## Task description
Reproduce only the lines below from the line containing "[KRZYŻANOWSKI Julian]. Dwa" to the line containing "Együttműködés és újítóképesség, két", exactly as written, with both end lines kept. Omit the pictures.

## Record excerpts
++++++++

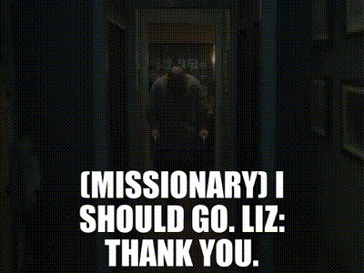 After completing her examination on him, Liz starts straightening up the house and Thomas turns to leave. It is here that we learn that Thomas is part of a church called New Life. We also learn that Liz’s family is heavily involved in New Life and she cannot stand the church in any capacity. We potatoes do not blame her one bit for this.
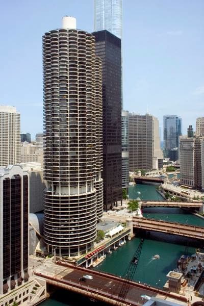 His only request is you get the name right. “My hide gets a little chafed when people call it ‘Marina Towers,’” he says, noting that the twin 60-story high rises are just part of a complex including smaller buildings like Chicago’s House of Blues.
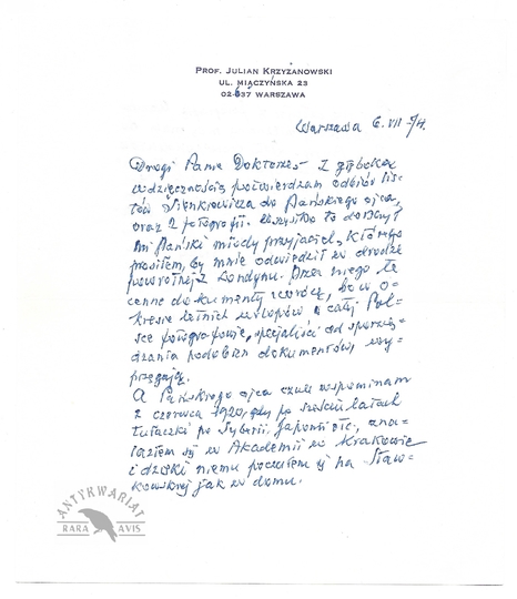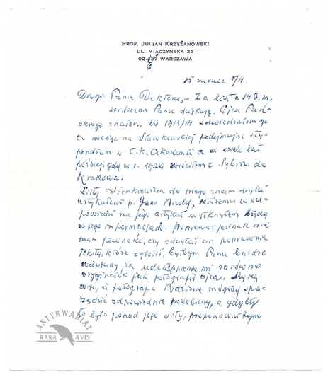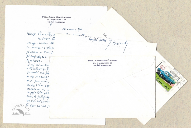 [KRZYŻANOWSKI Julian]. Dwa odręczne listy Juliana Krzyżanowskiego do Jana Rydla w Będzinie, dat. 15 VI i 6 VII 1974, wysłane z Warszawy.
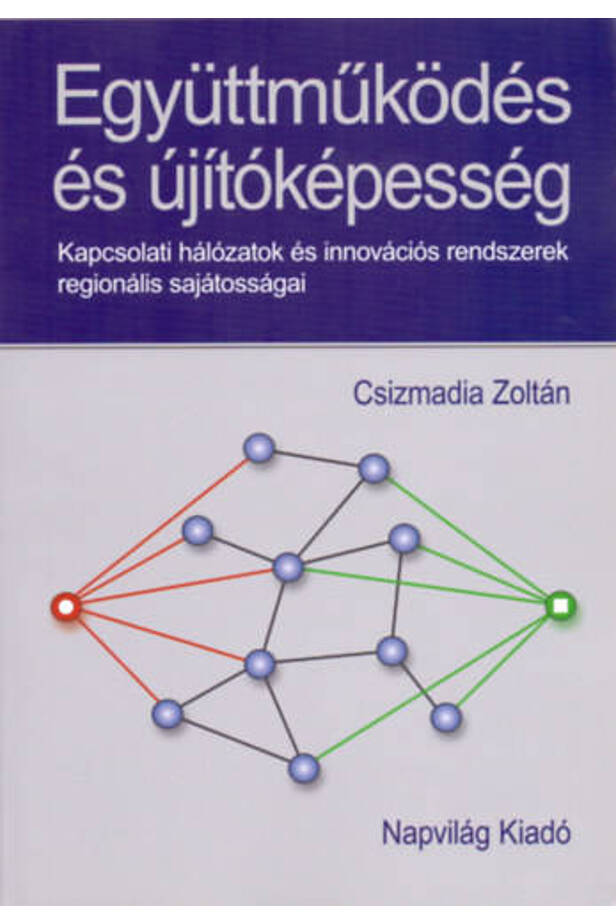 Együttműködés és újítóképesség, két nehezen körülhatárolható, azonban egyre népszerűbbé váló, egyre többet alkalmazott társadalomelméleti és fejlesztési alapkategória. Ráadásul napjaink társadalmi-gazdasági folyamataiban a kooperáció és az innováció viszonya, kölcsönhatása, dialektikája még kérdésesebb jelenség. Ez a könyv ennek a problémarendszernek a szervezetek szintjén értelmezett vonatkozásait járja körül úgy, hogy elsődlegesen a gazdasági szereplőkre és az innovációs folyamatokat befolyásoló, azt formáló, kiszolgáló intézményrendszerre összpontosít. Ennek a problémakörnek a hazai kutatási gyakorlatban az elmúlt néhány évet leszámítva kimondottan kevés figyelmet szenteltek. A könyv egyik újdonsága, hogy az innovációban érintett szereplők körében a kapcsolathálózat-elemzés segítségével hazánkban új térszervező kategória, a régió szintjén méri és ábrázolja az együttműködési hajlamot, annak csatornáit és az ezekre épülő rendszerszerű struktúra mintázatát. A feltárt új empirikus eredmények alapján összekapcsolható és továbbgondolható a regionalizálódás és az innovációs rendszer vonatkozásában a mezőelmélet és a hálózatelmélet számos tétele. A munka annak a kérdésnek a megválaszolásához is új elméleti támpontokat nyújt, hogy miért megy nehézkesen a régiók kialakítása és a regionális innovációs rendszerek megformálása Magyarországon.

++++++++

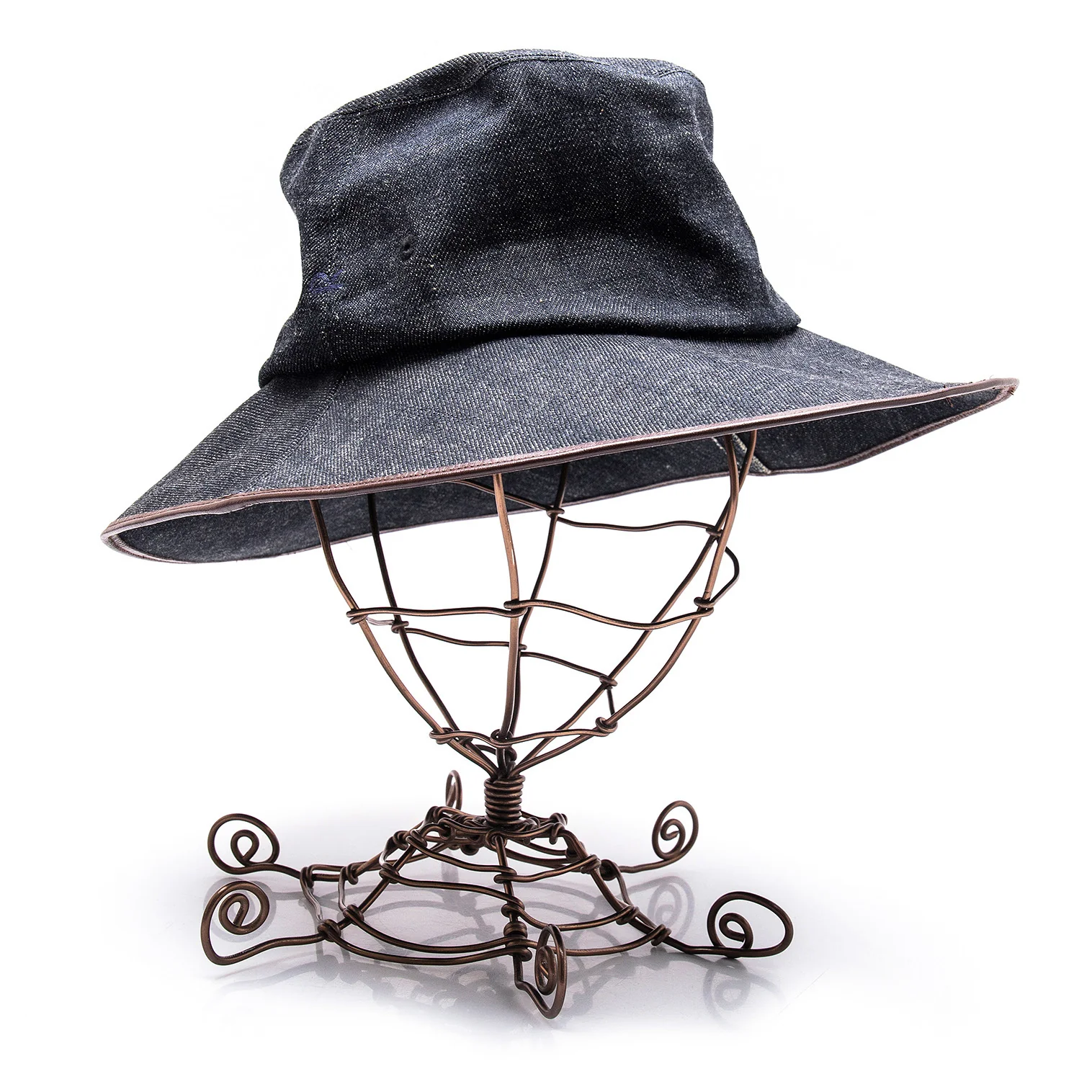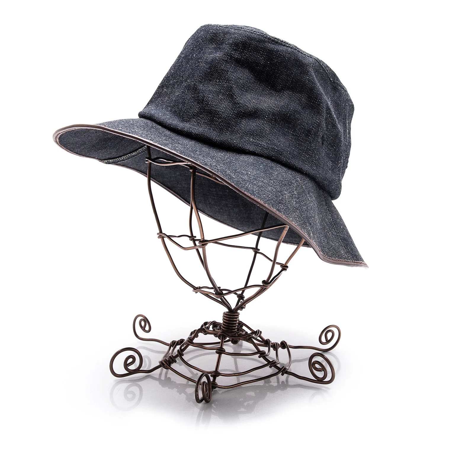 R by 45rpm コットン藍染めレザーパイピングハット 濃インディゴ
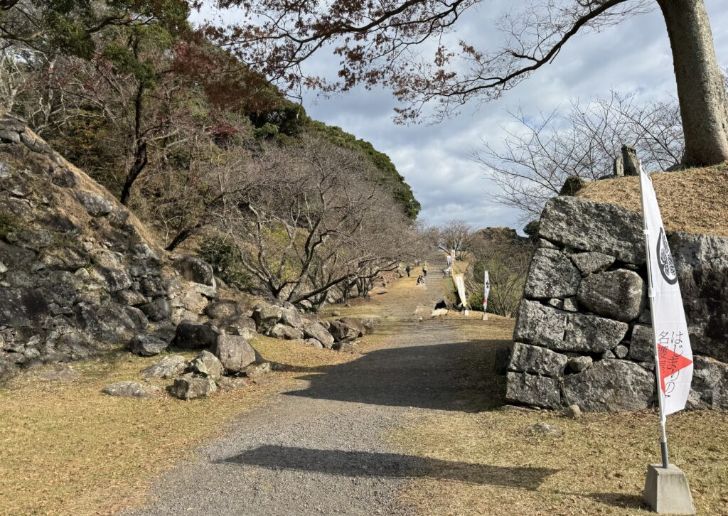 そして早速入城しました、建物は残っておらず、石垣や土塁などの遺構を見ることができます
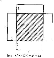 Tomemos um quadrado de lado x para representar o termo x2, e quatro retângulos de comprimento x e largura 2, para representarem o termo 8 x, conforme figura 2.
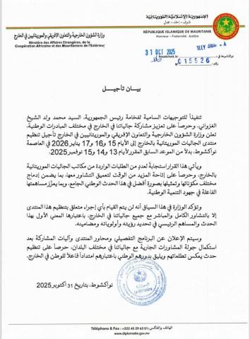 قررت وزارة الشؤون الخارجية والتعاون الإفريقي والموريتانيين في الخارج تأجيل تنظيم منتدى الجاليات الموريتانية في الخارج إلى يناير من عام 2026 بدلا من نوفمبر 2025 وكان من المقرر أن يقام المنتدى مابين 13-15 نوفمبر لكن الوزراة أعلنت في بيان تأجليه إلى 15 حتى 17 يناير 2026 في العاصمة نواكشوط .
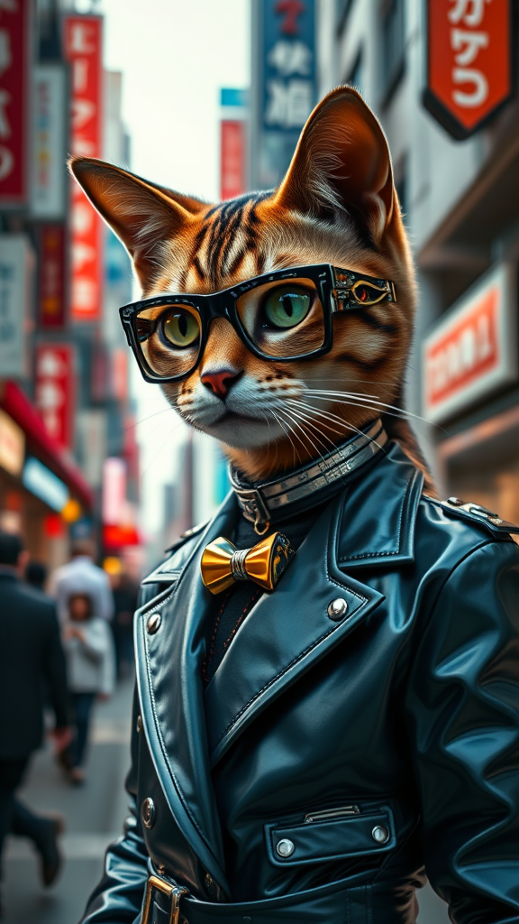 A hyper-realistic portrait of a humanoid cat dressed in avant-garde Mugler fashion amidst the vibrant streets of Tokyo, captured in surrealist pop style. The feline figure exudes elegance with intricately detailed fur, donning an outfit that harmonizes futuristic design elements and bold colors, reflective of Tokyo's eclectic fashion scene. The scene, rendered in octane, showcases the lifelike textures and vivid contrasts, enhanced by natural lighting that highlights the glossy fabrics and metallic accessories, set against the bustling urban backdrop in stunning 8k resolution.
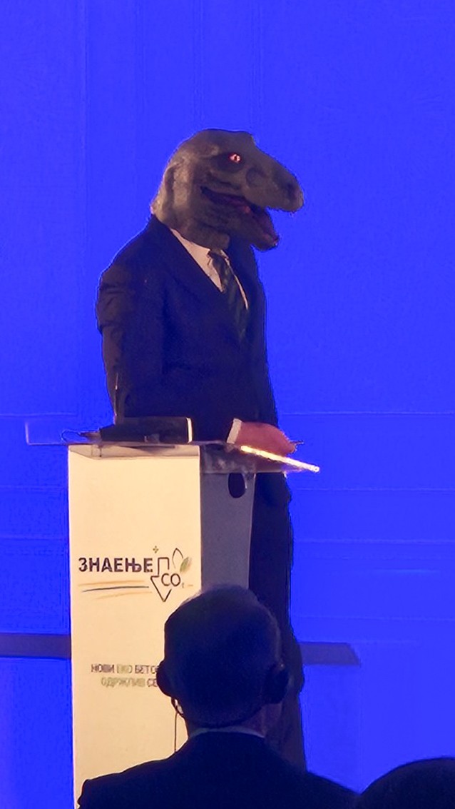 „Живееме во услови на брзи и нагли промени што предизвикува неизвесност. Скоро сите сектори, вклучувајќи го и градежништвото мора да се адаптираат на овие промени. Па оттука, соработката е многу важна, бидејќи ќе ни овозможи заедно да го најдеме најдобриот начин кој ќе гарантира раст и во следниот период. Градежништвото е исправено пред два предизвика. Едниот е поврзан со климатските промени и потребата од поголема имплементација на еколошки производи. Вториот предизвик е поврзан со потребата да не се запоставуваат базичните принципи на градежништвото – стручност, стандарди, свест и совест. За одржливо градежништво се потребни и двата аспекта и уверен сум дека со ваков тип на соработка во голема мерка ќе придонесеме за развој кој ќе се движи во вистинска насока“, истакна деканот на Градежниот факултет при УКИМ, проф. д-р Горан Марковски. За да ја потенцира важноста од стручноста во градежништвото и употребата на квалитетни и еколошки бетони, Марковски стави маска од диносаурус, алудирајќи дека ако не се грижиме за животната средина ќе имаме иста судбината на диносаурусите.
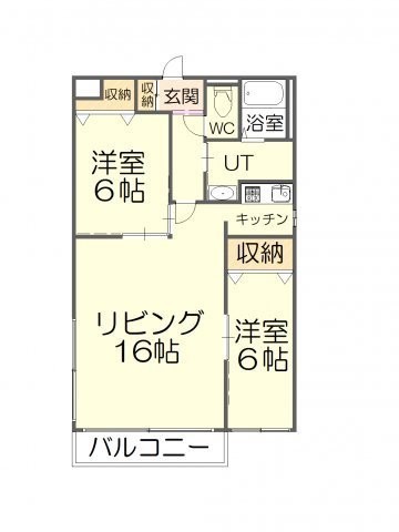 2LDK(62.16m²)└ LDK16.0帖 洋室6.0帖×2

++++++++

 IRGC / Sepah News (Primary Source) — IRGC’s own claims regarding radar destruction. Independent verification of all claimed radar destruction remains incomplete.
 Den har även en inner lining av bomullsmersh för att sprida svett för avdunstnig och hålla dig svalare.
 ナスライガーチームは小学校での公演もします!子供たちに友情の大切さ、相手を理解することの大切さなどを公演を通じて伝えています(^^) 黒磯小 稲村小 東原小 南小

++++++++

## Written reply
 [KRZYŻANOWSKI Julian]. Dwa odręczne listy Juliana Krzyżanowskiego do Jana Rydla w Będzinie, dat. 15 VI i 6 VII 1974, wysłane z Warszawy.
 Együttműködés és újítóképesség, két nehezen körülhatárolható, azonban egyre népszerűbbé váló, egyre többet alkalmazott társadalomelméleti és fejlesztési alapkategória. Ráadásul napjaink társadalmi-gazdasági folyamataiban a kooperáció és az innováció viszonya, kölcsönhatása, dialektikája még kérdésesebb jelenség. Ez a könyv ennek a problémarendszernek a szervezetek szintjén értelmezett vonatkozásait járja körül úgy, hogy elsődlegesen a gazdasági szereplőkre és az innovációs folyamatokat befolyásoló, azt formáló, kiszolgáló intézményrendszerre összpontosít. Ennek a problémakörnek a hazai kutatási gyakorlatban az elmúlt néhány évet leszámítva kimondottan kevés figyelmet szenteltek. A könyv egyik újdonsága, hogy az innovációban érintett szereplők körében a kapcsolathálózat-elemzés segítségével hazánkban új térszervező kategória, a régió szintjén méri és ábrázolja az együttműködési hajlamot, annak csatornáit és az ezekre épülő rendszerszerű struktúra mintázatát. A feltárt új empirikus eredmények alapján összekapcsolható és továbbgondolható a regionalizálódás és az innovációs rendszer vonatkozásában a mezőelmélet és a hálózatelmélet számos tétele. A munka annak a kérdésnek a megválaszolásához is új elméleti támpontokat nyújt, hogy miért megy nehézkesen a régiók kialakítása és a regionális innovációs rendszerek megformálása Magyarországon.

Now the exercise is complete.